– Денис, есть положения, в которые попадаешь, того не желая, и, как нарочно, все совпадает самым причудливым образом. Пока ты был в Москве, Мавренька тайно привела ко мне в дом и спрятала девицу, свою подругу… Поверь, я многого не знала, потому, когда все открылось, не выставила девицу, она так тут и жила… Денис, это была Поликсена Муравьева.
– Господи!
– Да, она была здесь, даже когда ты приехал ко мне из Москвы. А потом пропала. Я не связала ее побег с тобой. Мавренька пыталась мне объяснить, но я ей не верила.
– Господи… – Вид у Нерецкого был расстроенный беспредельно, и уже знакомое Александре движение рук показывало неподдельную скорбь.
– Денис, я ни в чем тебя не виню, я не спрашиваю, почему эта особа ушла из дома на Мещанской и искала иного пристанища, в ее-то положении! – воскликнула Александра. – Я не виню тебя, ни в чем не виню! Я только хочу, чтобы ты вспомнил, что рассказывала о своих столичных знакомствах бедная девочка! Может, она говорила о кавалерах, может – о лучшей подруге или знакомых поклонниках! Надо же их найти!
– Сашетта, я, право, не знаю…
– Неужели она не рассказывала о Смольном, о концертах, о французских пьесах? Мавренька мне все уши прожужжала о своих театральных подвигах. Но о кавалерах она не говорила, да я и не спрашивала.
– Но я доподлинно ничего не знаю о жизни Поликсены в Смольном.
– Но, Денис, жизненочек, о чем-то же вы говорили, сидя дома? Ведь вы нигде не бывали, не выезжали в свет. Не молчали же вы, глядя друг на дружку?

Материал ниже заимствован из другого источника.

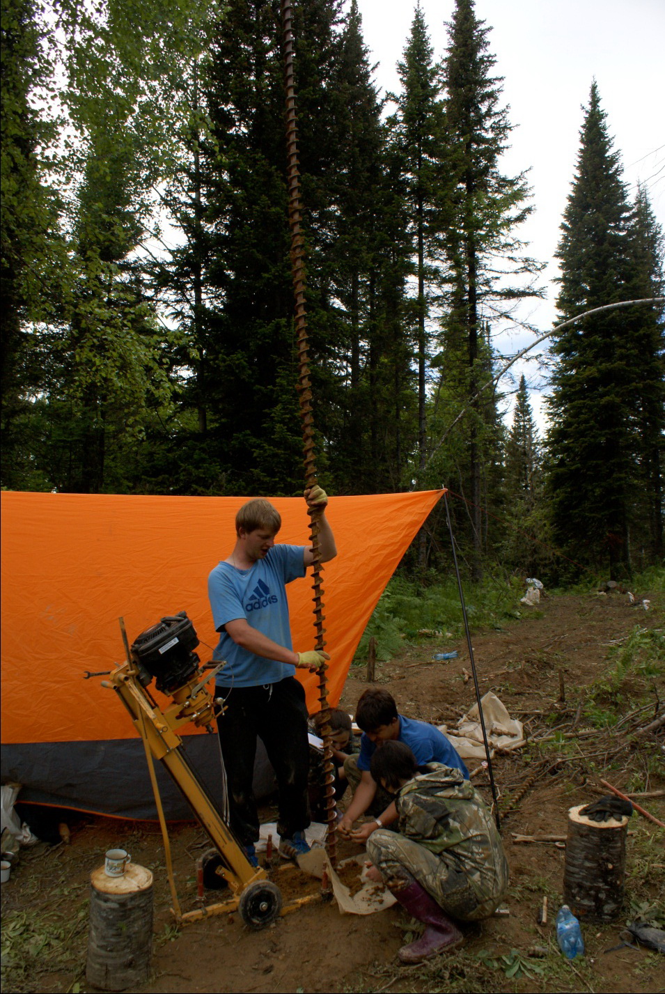 мобильная буровая установка КМ-10И, оснащенная шнековыми снарядами, позволяющее осуществлять бурение скважин в рыхлых отложениях глубиной до 10 метров без промывки

– Нет, конечно, не молчали… Я музицировал, она слушала…
– Понятно…
– Мы о книгах говорили, – вспомнил Нерецкий. – Она стихи читала – Державина, Львова, Княжнина… Ну, еще пели на два голоса…
– Но ведь ты ей о себе рассказывал? О заграничном путешествии? – зашла с другого конца Александра.

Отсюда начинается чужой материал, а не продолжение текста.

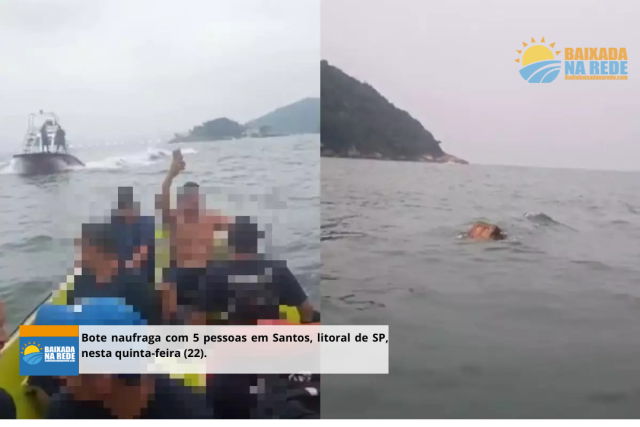 Uma embarcação naufragou perto da Ilha de Palmas, em Santos, litoral de São Paulo, no momento do acidente haviam cinco pessoas no bote, sendo dois tripulantes e três passageiros. Uma embarcação que estava por perto resgatou as vítimas, todas sem ferimentos, que foram transportadas em segurança, onde receberam as atenções necessárias.
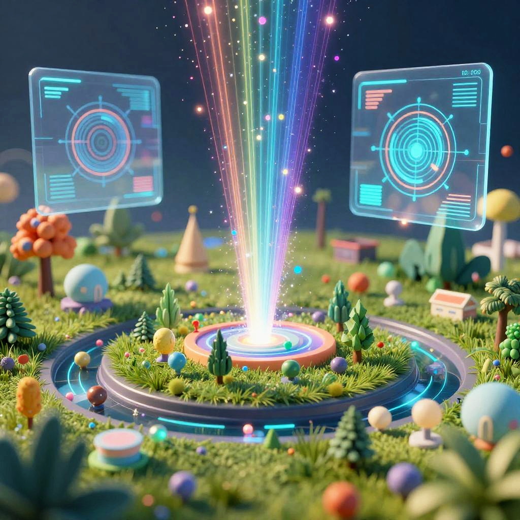 Cartoon word generator machine emitting glowing neon text with swirling letters, surrounded by cartoonish bright light bursts and electric sparks, futuristic playful cartoon style, detailed colorful environment, dynamic and energetic atmosphere, lively and creative concept
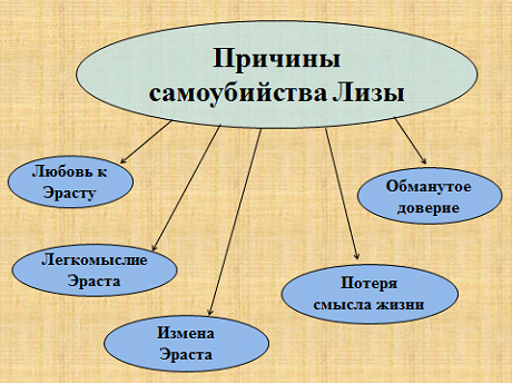 - Для Лизы потеря Эраста – утрата жизни. Дальнейшее существование лишено смысла! Она накладывает на себя руки!

– Рассказывал, конечно! И гравюры показывал, я много гравюр привез. И мы… сговаривались когда-нибудь вместе поехать в Венецию. Там, правда, сырость изрядная. Но однажды увидеть все эти каналы с дворцами надо. Великолепие невообразимое!
– Поедем, – сразу пообещала Александра, тут же приступив к умственной арифметике: во что обойдется такой вояж и сколько можно выручить за старые голландские картины, купленные еще покойным мужем и, на ее взгляд, большой ценности для украшения гостиной не имеющие, мрачные и с неприятными голыми телами. А из Италии можно привезти полотна модных живописцев.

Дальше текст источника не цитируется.